While Dia and DG’s couple vlogs capture two lives in tandem, Hayden Royalty started their YouTube channel to share their solo journey. The genderqueer creator, 31, moved to Seoul in 2013 after graduating from university in California. They secured a job in publishing and found the city’s underground LGBTQ+ community in the neon-drenched queer bars of Hongdae and Itaewon, but felt the absence of genderqueer recognition on and offline.
“I decided to start the channel in 2017 because I felt that there was no representation of queer Asian people,” Hayden says. “I didn't have the space to explore my gender, because it wasn't seen as a valid or existing identity.

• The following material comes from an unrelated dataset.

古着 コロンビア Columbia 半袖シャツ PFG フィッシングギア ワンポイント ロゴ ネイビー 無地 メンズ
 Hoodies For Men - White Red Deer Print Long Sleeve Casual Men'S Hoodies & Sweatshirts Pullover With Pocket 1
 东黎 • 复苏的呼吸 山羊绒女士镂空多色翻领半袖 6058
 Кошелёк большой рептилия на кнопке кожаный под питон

The only thing I could do was create my own, and that was through YouTube.” By sharing their experiences -- from coming out and experiencing gender dysphoria, to reviewing films and sex toys -- Hayden has learned more about themselves, calling it "a therapeutic way to work through things [that are] on my mind".

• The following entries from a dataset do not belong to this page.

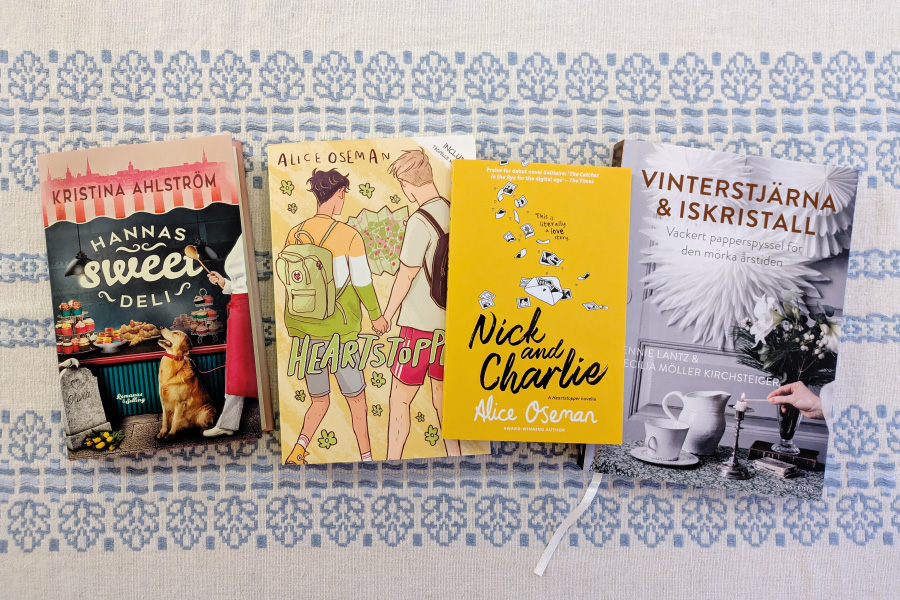 Köpte dessa fyra: En feelgoodroman som säkert är trevlig. En av Heartstoppervolymerna (har egentligen ingen önskan om att äga fler eftersom jag läst dem alla redan, men för 30 kr fick den ändå följa med hem). Nick and Charlie (kortromanen som är ursprunget till hela Heartstopper och som jag egentligen inte gillar eftersom Alice Oseman skrev den för så länge sedan och karaktärerna har utvecklats åt ett lite annat håll de senaste tio åren ... men eftersom jag älskar Heartstopper så mycket är den ändå kul att ha). Och en pysselbok som jag tänker att jag ska ställa till med en bjudning kring i november, så att det säkert blir av att jag använder den. Vore så mysigt att sitta ett gäng kring ett bord och vika stjärnor, tänker jag.
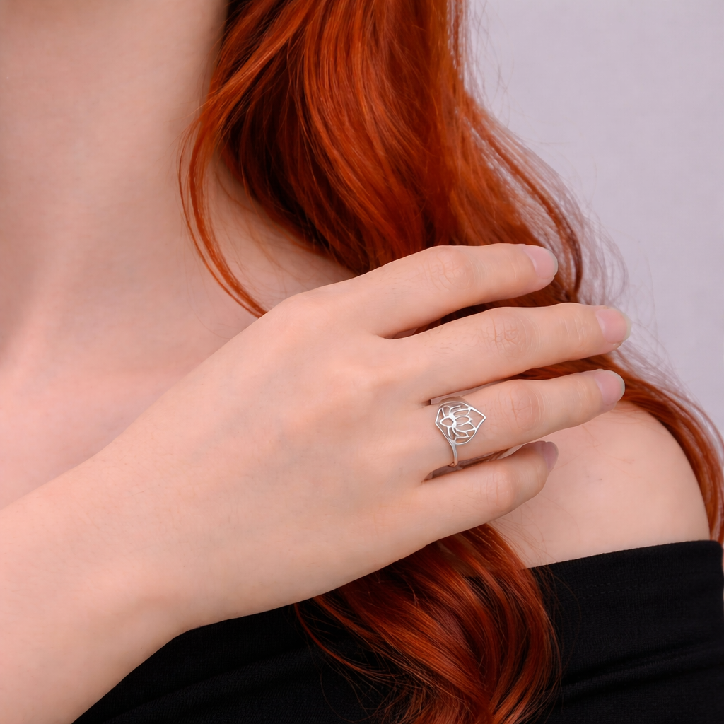 Bague en acier inoxydable, avec motif Fleur de Lotus
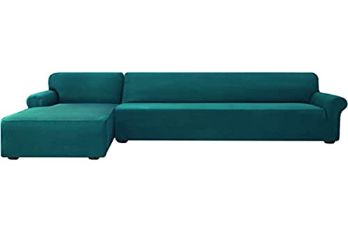 Subrtex Copridivano con Penisola Elasticizzato Copridivano Componibile per Divano a Forma di L (Sinistra 2 Posti, Blu Verde)
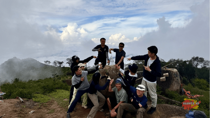 Đi xuống ¼ gặp 1 cặp đôi đang đi lên, theo chia sẻ thì 2 bạn bắt đầu leo lúc 8h sáng kiểu tập chạy trail chuẩn bị cho giải đấu nào đó; Xuống ⅓ gặp 1 cặp khác đang đi xuống, anh chị chia sẻ bắt đầu leo lúc 6h sáng mục tiêu đi 20km tức 2 lần lên xuống núi. Hiện tại anh chị đang đi xuống hoàn thành vòng 1, khi nhóm đi tới ⅔ đường xuống thì gặp anh chị đang leo lên. Chỉ biết há hốc mồm thán phục, quá đỉnh. Nó nghĩ không biết lúc mình nhiêu đó tuổi có còn sức để leo như anh chị không (nó nghĩ anh chị cũng U60)

Hayden also produces interview segments with queer friends to shed light on wider topics like inclusive education and transitioning. “I want to help people unlearn the biases they might hold,” they say. “[At school], the sex education I received wasn't relevant to me – there was nothing about sexual orientation or gender identity. I was very young and I didn't even know what queerness was.”

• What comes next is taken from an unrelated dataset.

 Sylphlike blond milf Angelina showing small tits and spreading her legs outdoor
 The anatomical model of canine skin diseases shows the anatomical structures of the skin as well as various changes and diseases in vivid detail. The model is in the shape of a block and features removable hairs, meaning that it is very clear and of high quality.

Like Hayden and Hyugayso, Daenyeol uses his channel to share other people’s stories. The YouTube producer and bartender, aged 28, creates projects that challenge cultural conventions. His latest project, What Are You Looking For, pairs gay strangers together in a blind date set-up, and poses a series of questions to guide them towards finding a point of connection. “The purpose of the series was to show the nerves and excitement of a blind date and allow subscribers to really think about the questions in the video," Daenyeol says. "I wanted to show that the world is the same for everybody.”
One of the first Korean queer creators on YouTube was Kim Cheol-soo, 32. He started his channel in 2015 as a place to share his perspective. When he began dating Jang-ho, the channel expanded to laid-back couple vlogs and livestreams. One simple concept, the Coming Out Page, gave closeted queer folk around the world a place to take pride in their identity online. “Among the LGBTQ+ people who haven't come out yet, there are many who hesitate because they don't have the opportunity,” Cheol-soo says. “I wanted to provide this for those people. I also thought that it would help other LGBTQ+ people to see their courage.”
Although Cheol-soo views YouTube as a platform to represent queer voices, his ultimate goal is to move beyond the need for them to feel marginalised at all. “My impression is that we've just taken that first step,” he says. “As this gradually diffuses into general public perception, people will recognise that LGBTQ+ people live [life in] in their own way. People know I'm gay, but that doesn't mean being gay is the main theme." It's his belief, he adds, that "there shouldn’t be issues that only LGBTQ+ people experience in the first place.”
In the first episode of their wedding vlog, Dia and DG set up a photoshoot in one of the few churches in Seoul open to the queer community. They posed, as if getting married, to take a comical, some may say sombre dig at the fact that the law says they can’t. They’re touched by the welcome they received there. “I was so happy our relationship could be celebrated,” Dia says. “I could feel that people [and their attitudes] are changing.
"We’re not human rights activists, but this small movement might be our way to fight against discrimination, and for our future.”